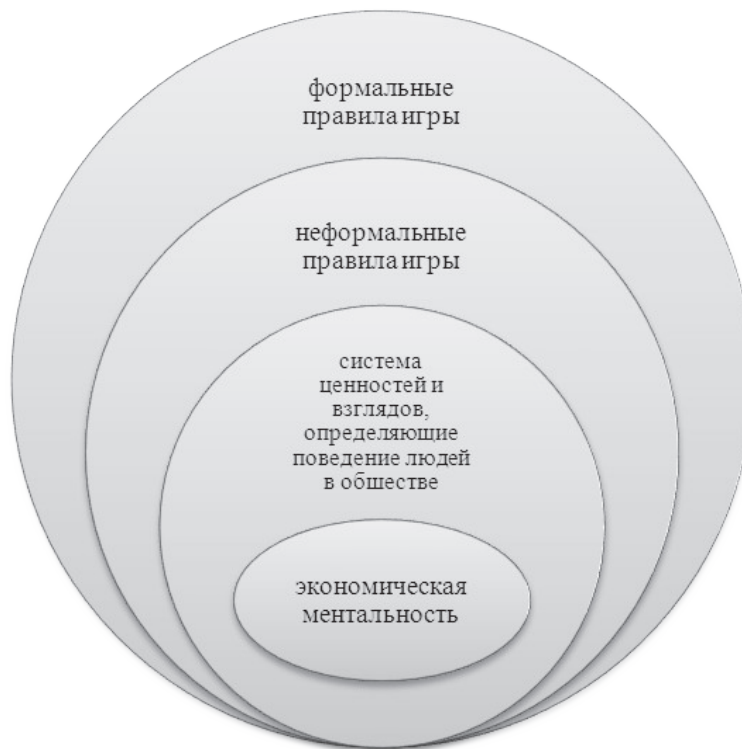
Рис. 1. Структура института

ментальности как базовому неформальному институту, который определяет как неформальные, так и формальные институты, а также обеспечивает вектор взаимодействия и стратегию реформирования социально-экономической системы (см. рис. 1).
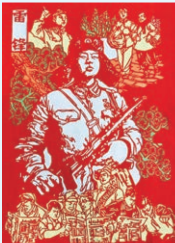
▲ 《雷 锋》剪纸
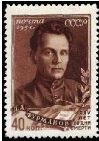
Портрет Д. А. Фурманова
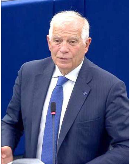
ԵՄ դիւանագիտութեան ղեկավար Ժողով Պորէլ

«Արդարադատութեան Դատարանը դատաւարած է Ատրպէյճանի կողմէ շրջափակումը, սակայն այս պետական անբեկչութիւնը չէ յանգեցուցած խորհուրդին կողմէ որեւէ պատժամիջոցի, իսկ Յանձնաժողովը, կը թուի, անկողմէ, ինչպէս հարկն է, դատաւարտել Լեռնային Ղարաբաղի ժողովուրդին հիմնարար իրաւունքներու այս շատ լուրջ խախտումը», նշած է ԵՄ պատգամաւորը:
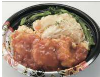
＜聘珍楼＞ 海老チリマヨ丼 680円 ※各日限定20個/B1F
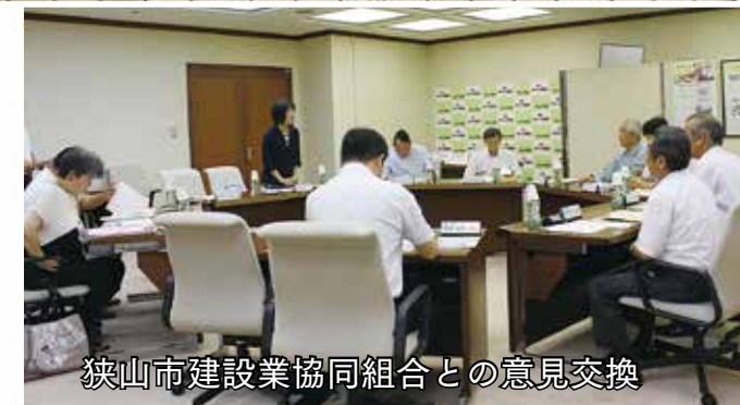
狭山市建設業協同組合との意見交換
--------------------------------
:: WHAT TO WORK ON ::
Pictures must be left out. Return verbatim only the lines from the line with "Портрет Д. А. Фурманова" through the final line of the material above, including both ends.

:: OUTPUT OF THE EXERCISE ::
Портрет Д. А. Фурманова
ԵՄ դիւանագիտութեան ղեկավար Ժողով Պորէլ

«Արդարադատութեան Դատարանը դատաւարած է Ատրպէյճանի կողմէ շրջափակումը, սակայն այս պետական անբեկչութիւնը չէ յանգեցուցած խորհուրդին կողմէ որեւէ պատժամիջոցի, իսկ Յանձնաժողովը, կը թուի, անկողմէ, ինչպէս հարկն է, դատաւարտել Լեռնային Ղարաբաղի ժողովուրդին հիմնարար իրաւունքներու այս շատ լուրջ խախտումը», նշած է ԵՄ պատգամաւորը:
＜聘珍楼＞ 海老チリマヨ丼 680円 ※各日限定20個/B1F
狭山市建設業協同組合との意見交換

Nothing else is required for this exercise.